B. The Finks' Failure to Wear Lap Belt Restraints
[ ] Officer Schell testified on cross-examination that the Finks had "their shoulder belts on and no lap belt restraints." The Finks' vehicle was apparently equipped with shoulder belts that "move as you open and close the door." Appellant contends that his defense counsel was ineffective because he did not "grasp the significance" of the Finks' failure to wear lap belt restraints as to whether appellant's conduct proximately caused the Finks' deaths, the failure to wear proper restraints having constituted an "intervening" cause. According to appellant, defense counsel therefore improperly conceded in opening statement that the "accident caused Mr. Fink's death," and did not sufficiently emphasize the lap belt restraint issue in opening statement, closing argument, or questioning the witnesses. The State merely argues, without citation to pertinent authority, that "there is nothing in the record that indicates the injuries would have been less severe had the seatbelts been used differently." Of course, this failure to develop the evidence, in part, provides the basis for appellant's ineffective assistance of counsel argument.
[ ] The state must prove that a defendant's wrongful conduct (recklessness or driving while under the influence, depending upon which statutory subsection is used to charge the defendant) proximately caused the victims' deaths. To be the "proximate cause," the accident or injury must be the natural and probable consequence of the defendant's wrongful conduct; a "substantial factor" in bringing about the injuries or death. Bloomquist, 914 P.2d at 820 (quoting Glazier v. State, 843 P.2d 1200, 1204 (Wyo. 1992) and McClellan v. Tottenhoff, 666 P.2d 408, 414 (Wyo. 1983)). The contributory negligence of a victim is not a defense in a criminal prosecution, but a victim's actions may be considered whenever those actions have a bearing upon the defendant's alleged wrongful conduct *fn8 or in determining whether the defendant's wrongful conduct was the proximate cause of a victim's death. Candelaria v. State, 895 P.2d 434, 438 (Wyo. 1995); Buckles, 830 P.2d at 707-08.

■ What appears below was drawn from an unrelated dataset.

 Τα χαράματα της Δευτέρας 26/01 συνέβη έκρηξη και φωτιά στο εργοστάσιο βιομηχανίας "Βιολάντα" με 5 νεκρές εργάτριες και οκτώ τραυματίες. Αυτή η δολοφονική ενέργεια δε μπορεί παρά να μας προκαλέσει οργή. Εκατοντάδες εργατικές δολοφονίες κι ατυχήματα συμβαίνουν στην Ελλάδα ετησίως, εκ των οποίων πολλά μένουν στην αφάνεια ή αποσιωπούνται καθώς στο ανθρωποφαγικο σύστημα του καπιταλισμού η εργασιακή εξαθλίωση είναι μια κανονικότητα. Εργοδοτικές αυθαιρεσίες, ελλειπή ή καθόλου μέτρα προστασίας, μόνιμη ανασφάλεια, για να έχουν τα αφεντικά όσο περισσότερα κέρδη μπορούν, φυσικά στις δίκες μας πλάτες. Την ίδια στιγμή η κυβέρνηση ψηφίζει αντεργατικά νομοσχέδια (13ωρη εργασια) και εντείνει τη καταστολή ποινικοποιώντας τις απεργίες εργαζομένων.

"A defendant is usually relieved of liability by an unforeseeable intervening cause. However, an intervening cause does not relieve an earlier actor of liability if it was reasonably foreseeable. The causal connection is not broken where the original wrongdoer could reasonably have foreseen that injury to another would be a probable consequence of his [wrongful conduct]." Glazier, 843 P.2d at 1205 (quoting McClellan, 666 P.2d at 414); Bloomquist, 914 P.2d at 820-21.

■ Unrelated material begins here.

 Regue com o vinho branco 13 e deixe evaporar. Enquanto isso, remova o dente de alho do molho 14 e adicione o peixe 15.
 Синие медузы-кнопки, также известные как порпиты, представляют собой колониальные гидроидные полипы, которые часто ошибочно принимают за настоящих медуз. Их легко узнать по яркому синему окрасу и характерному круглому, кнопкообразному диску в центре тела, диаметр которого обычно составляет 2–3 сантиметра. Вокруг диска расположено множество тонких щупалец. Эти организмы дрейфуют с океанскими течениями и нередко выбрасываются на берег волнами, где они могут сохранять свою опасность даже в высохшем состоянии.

[ ] In the context of this criminal aggravated vehicular homicide case involving evidence of appellant's intoxication, we find the following reasoning persuasive:
One who drinks and drives should reasonably foresee that some among the potential victims of drunken driving will not wear seat belts and that such victims, among others, might be seriously injured in an alcohol-induced collision. State v. Freeland, 176 Ariz. 544, 863 P.2d 263, 267 (1993).